Natural Materials

Over many years spent sitting in a basement, making masks and other art pieces from artificial materials, I often found myself day-dreaming... I imagined myself wandering though wild lands, enraptured with moss and tree and stone and sand--seeking creative inspiration within nature. And thus an idea began to form... Why not leave the studio, seek out such wild places, and make my art out there?


But my art at that time was so dependent on petrochemical-based products that I realized I could not craft it outside of an enclosed studio without damage to the natural environment. Even my acrylic paints alone generated gallons of toxic brush water that had to be carefully disposed of.

Oregon coast pigments

So I started thinking... What if my creative process became an act of collaboration with nature? What if my masks and other pieces were in fact made out of the land? But then it dawned on me... over three decades spent training and working professionally as an artist, I had not obtained the knowledge or tools to bring this idea to fruition.

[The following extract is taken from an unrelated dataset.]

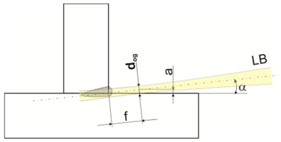 To adjust appropriate parameters enabling the obtainment of proper T-joints, it was necessary to perform bead-on-plate welding tests using various process parameters. An adopted bead-on-plate welding speed of 2 m/min was constant, whereas parameters subjected to changes included the power of the laser beam and the position of the laser beam focus. The above-presented bead-on-plate welding speed ensured that the efficiency of the laser welding of T-joints would be significantly higher than that obtained using arc methods when welding the same type of joints. It was noticed that the bead-on-plate welding process was more stable (fewer spatters formed) when the laser beam focus penetrated the material subjected to welding (negative values of parameter f). Metallographic tests were used to determine the geometrical dimensions of the penetration run in relation to a given group of parameters. Afterwards, a graphic software GIMP2.10.4 (Free Software Foundation, Inc., Boston, MA, USA) programme was used to outline the fusion lines of the plate penetration run and to plot the above-named shape of the weld on the schematic diagram of the T-joint (Figure 2). The foregoing combined with theoretical calculations of the focused beam divergence angle made it possible to adjust the power parameters of the double-sided welding of T-joints, an appropriate laser beam insertion angle, and the position of the laser beam focus in relation to the interface of plates to be joined:

But I did know that I no longer wished to pollute the world for the sake of art. And so I closed my studio and spent the next 7 years studying earth-based crafts and nature skills.

Photo by Jesse Ambrose, 2015

That was an amazing time and my life as a professional mask-maker started to feel like a distant memory. But the masks were simply biding their time, waiting until I was ready to return to them.


It started with a mask-themed event in the ancestral skills community, that inspired me to learn about the mask and mumming traditions of my European ancestors. I explored making simple woven masks based on the Scottish Skekler and Grølek, and Irish Straw Boy mask traditions(1), adapting the methods to locally available cattail/bulrush leaves.


I then came across some photos of some traditional European painted and embroidered mesh masks (1,2), originally crafted from loosely woven fabric, then later made from wire mesh(2). This gave me the idea to try making masks from recycled and biodegradable burlap coffee sacks.

Three versions of the same mask over the years: 1) Neoprene. 2) Heat-formed plastic + paper mache. 3) Burlap + cellulose fiber + cornstarch bioplastic

Now that my ideas had expanded from using just "wild" materials to including the use of biodegradable materials, I remembered a recipe I had seen for a cornstarch-based bioplastic(3) that I though could stiffen the burlap, allowing for the creation of more dimensional masks.


The recipe used simple ingredients assembled in the kitchen, and when brushed onto a piece of burlap, it resulted in a strong and biodegradable art medium that wasn't just limited to simple mesh faces. It could be free-formed, shaped over a three-dimensional mask base or pressed inside a mold, or even be blended with a range of different cellulose-based materials materials to create sculpting compounds. And with each mask I made, I was able to push my creations closer to the level of detail I had only obtained previously with synthetic materials.

Because I believe in the enrichment of community creativity and knowledge through skill-sharing, I offer tutorials for these mask-making methods*.


I have also adapted my paper mache methods to use biodegradable glue, natural pigments, and biodegradable cellulose-based materials including recycled cardboard and reclaimed paper fiber.


Most of the materials shared in these methods should be easily found, which I hope will make mask-making accessible to just about anyone. I also hope this website might inspire others to take their art-making into the woods or other wild lands--or even just outside.


Moni Johanna Sears
September 2021


*There are also some tutorials and pieces documented in my studio notes that use reclaimed materials, since I recognize the vastness of the modern waste-steam and the need to divert materials away from landfills and into creative reuse.

References:

  1. Freger, Charles. Wilder Mann. Dewi Lewis Publishing, Stockport, England. 2014.

  2. Hoedt, Axel. Once a Year. Steidl, Göttingen, Germany. 2013.